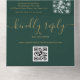 Alles in einer Hochzeitseinladung mit hübschen Saitenlichtern, Mauerkirschen, prächtigen Stilbezeichnungen und schicken Goldtypografien auf smaragdgrünem Hintergrund. Die Einladung enthält eine perforierte RSVP-Karte mit QR-Code. Entwickelt von Thisisnotme©
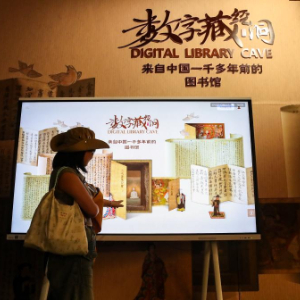9月22日,在敦煌研究院“典范”“高地”建设成果展上,一名嘉宾在观看莫高窟壁画彩塑保护修复工程简介。
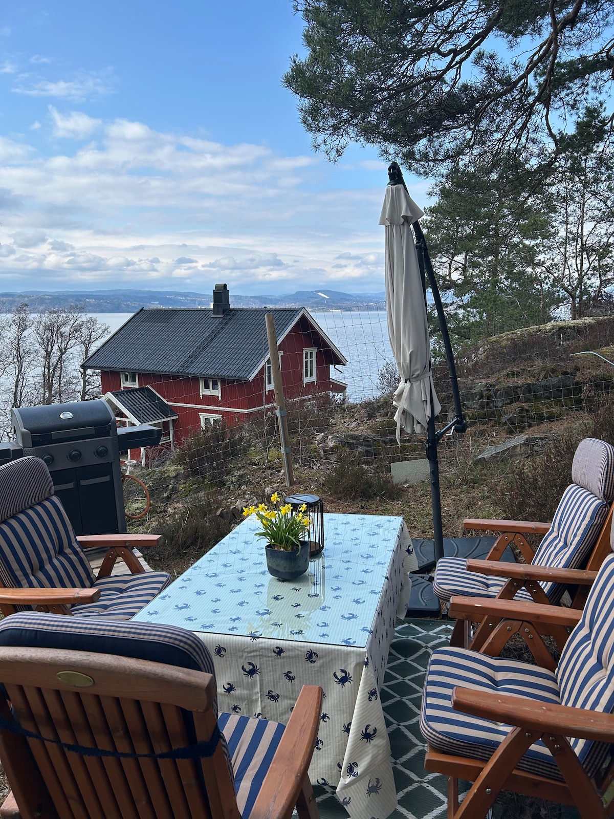 Bruk fridagene med et opphold på fjord : oslo. - Et minihus kun 45 minutter fra Oslo, med eventyrlig utsikt over fjorden. Her våkner du opp til 180 grader utsyn over sjø og natur. Huset er innredet etter landskapet det ligger i. Furu, granitt, marmor, kobber, speil og glass reflekterer den storslåtte naturen. På terassen utenfor kan du fyre opp grill- eller bålpanne, følge med på fjordlivet og la roen senke seg. Det er kort vei ned til flere badeplasser, dere kan gå kyststien, eller, chille.
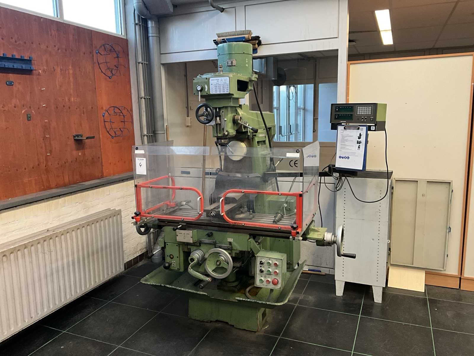 Met Mitutoyo digitale uitlezing op X-as en Y-as Merk: DAH LIH Type: DL-GH1500 Bouwjaar: 1987 Serienummer: 150975 Verplaatsing x-as: 580mm Verplaatsing y-as: 210mm Verplaatsing z-as: 500mm Opname iso: 40 Aantal snelheden: 8 Snelheid van n =: 220rpm Snelheid tot n =: 1300rpm T-gleuf opspantafelafmeting L: 1050mm T-gleuf opspantafelafmeting B: 230mm Koelmiddelpomp: true Aansluiting: 400V
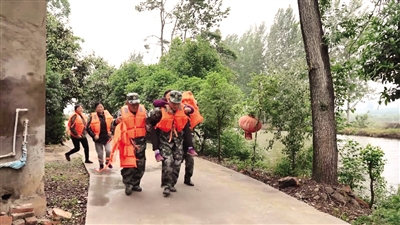 应急救援人员转移“受灾”群众
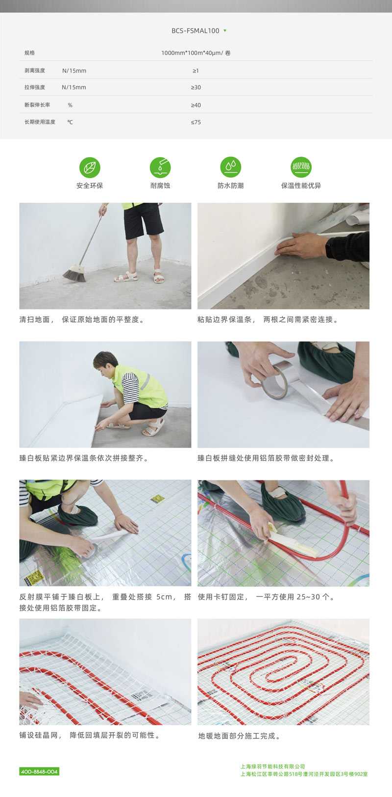 綠羽臻鋁膜具有防水、防止混凝土侵蝕保溫板的作用。反射膜上的網格為施工人員設計盤管路線、確定地暖管間距提供便利和依據,讓地暖管盤管過程更加標準化。
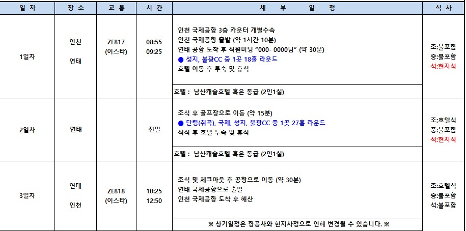 인천공항 - 연태공항 약 1시간 10분 소요 연태공항 - 남산캐슬호텔 약 35분 소요 남산캐슬호텔 - 골프장까지 약 3~5분 소요
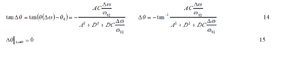 設定電路參數為f02=83kHz、f01=800Hz、Q1=0.1、Q2=70、M2/L2=0.2、M1/L1=0.1、M1/L2=10-4、R 2/Ri=10-3時在Mathcad下仿真結果如圖 2所示,其中振幅特性是歸一化后的特性, d=Δf。從圖中可以看出有跳周現象,這是由于式 8分式中分母部分發生歸零引起的。該點角頻率差定義為 Δω0,則由式 8可以得出以下關系式。
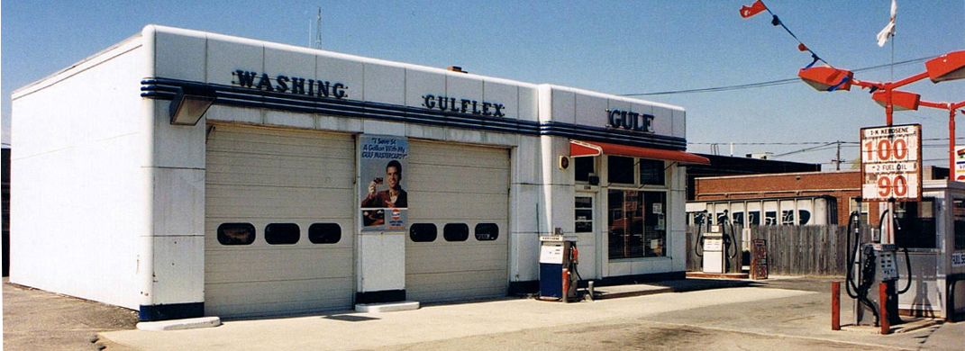 The original Gulf station was remodeled in 1953 with porcelain enamel panels on the exterior to look like an icebox.

◆ The task
Find the line with "綠羽臻鋁膜具有防水、防止混凝". Reproduce it and every line after it through the last line above exactly, leaving out the pictures.

◆ Your solution
 綠羽臻鋁膜具有防水、防止混凝土侵蝕保溫板的作用。反射膜上的網格為施工人員設計盤管路線、確定地暖管間距提供便利和依據,讓地暖管盤管過程更加標準化。
 인천공항 - 연태공항 약 1시간 10분 소요 연태공항 - 남산캐슬호텔 약 35분 소요 남산캐슬호텔 - 골프장까지 약 3~5분 소요
 設定電路參數為f02=83kHz、f01=800Hz、Q1=0.1、Q2=70、M2/L2=0.2、M1/L1=0.1、M1/L2=10-4、R 2/Ri=10-3時在Mathcad下仿真結果如圖 2所示,其中振幅特性是歸一化后的特性, d=Δf。從圖中可以看出有跳周現象,這是由于式 8分式中分母部分發生歸零引起的。該點角頻率差定義為 Δω0,則由式 8可以得出以下關系式。
 The original Gulf station was remodeled in 1953 with porcelain enamel panels on the exterior to look like an icebox.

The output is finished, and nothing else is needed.